Billboard Japan and TikTok kicked off the February edition of Next Fire on Feb. 4 with a live studio performance by rising singer-songwriter Daiki Ueno.
Next Fire is a show on TikTok Live highlighting the hottest artists of the moment, based on the Billboard Japan Heatseekers Songs chart. The collaborative program streams live performances and pre-recorded interviews by the featured artist of the month to present a multifaceted view of their artistry.
The online showcase on Feb. 4 featured a compact five-song set by the 25-year-old artist, including a gripping performance of his poetic take on losing a loved one called “Love Song,” currently buzzing on TikTok. A total of 11,558 viewers tuned in to see the studio concert.
Emerging on a stage illuminated by simple lights, Ueno slung his acoustic guitar over his shoulder and adjusted the tuning of his instrument before launching into the first track, “Onaji Tsuki wo Miteiru” (Looking at the same moon). Accompanied by Akira Murata on keyboard, the young singer’s slightly husky voice quickly filled the studio with a melancholy yet somehow warm vibe.

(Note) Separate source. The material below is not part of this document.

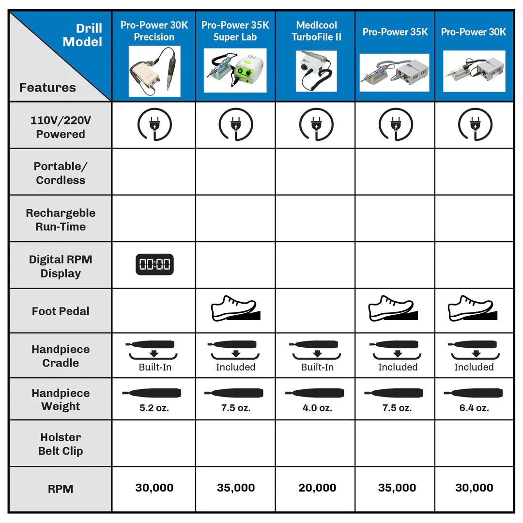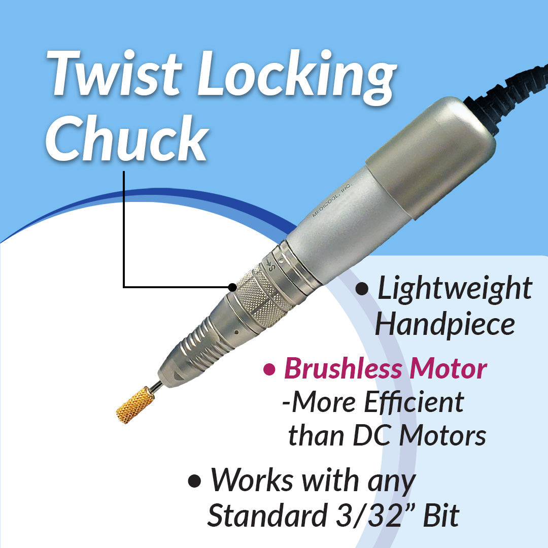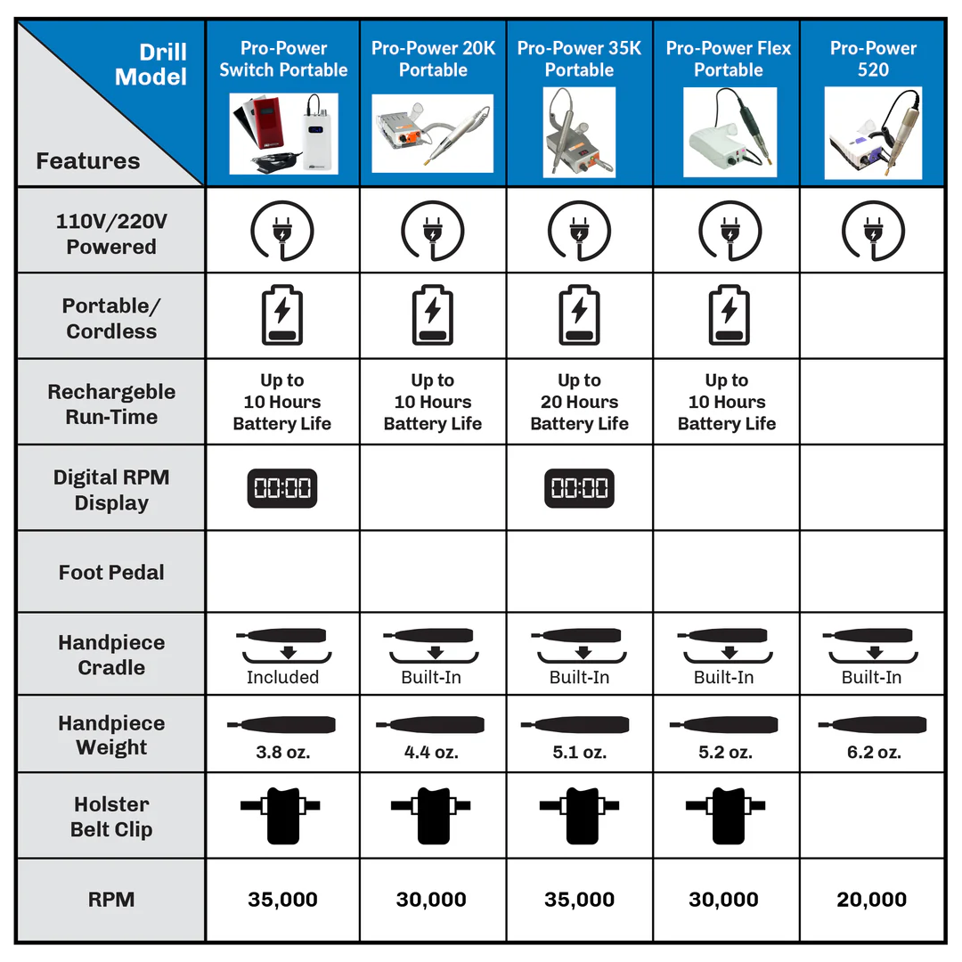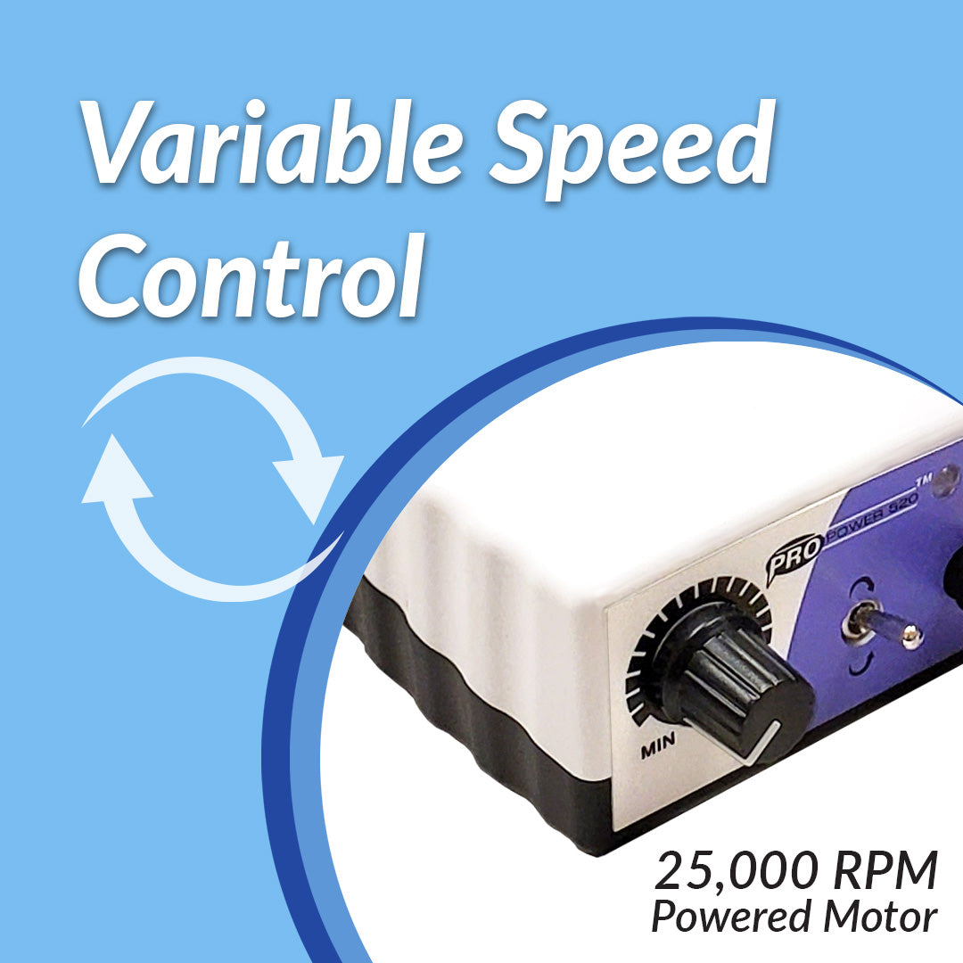 The Pro Power 520 Electric Filing System providing the Professional Nail Technician with the power and versatility to complete any manicure or pedicure service. Its lightweight space-saving design allows for convenient positioning on any workstation. It's the perfect high speed professional electric Manicure-Pedicure file designed for nail care professionals. 25,000 RPM Included 110v - 220v controller allowing use anywhere in the world. Full 1 Year Warranty. Extended Warranty Available. B52 Diamond Cone, E10 Mandrel and 6 Sanding Bands included. IMPORTANT: Handpieces will only function with matching Base Units. When ordering a New Hand Piece, please make sure it is the...

“It’s only for a short time today, but I hope everyone enjoys the show,” he told viewers after the opening number, and went on to perform “Te,” a relatively short but evocative track with earnest lyrics that deeply touch listeners’ hearts.
For the next song, called “Obose,” he explained that he wanted to take the special opportunity to show viewers how he usually did things and performed the number by himself with just his guitar, delivering an emotional take on the realistic lyrics. Then, joined again by Murata on keyboard, Ueno performed one of his recent hit singles entitled “Nami ni Ki” off his latest album Hogata, engaging viewers with his affecting vocal prowess.
He put down his guitar for the closing song of the evening, the TikTok favorite called “Love Song,” performing the gently profound number about death and loss with only keyboard and vocals. The lyrics bluntly depict suicide and appear shocking at first glance, but the song’s kindhearted message — “Love song, love song, keep spreading out more until the other world and this world stick together,” he sings in the chorus — stands out in the end. In fact, the latter half of the number exuded a sense of euphoria through the repetition of the chorus, and many viewers noted in the comment section that they were drawn into the performance. Ueno ended the song on a quiet note, as if to let viewers linger in the meaning of the final line: “Love song, love song, with more volume, so that it’ll reach that person,” he sang. “So that it’ll reach you.”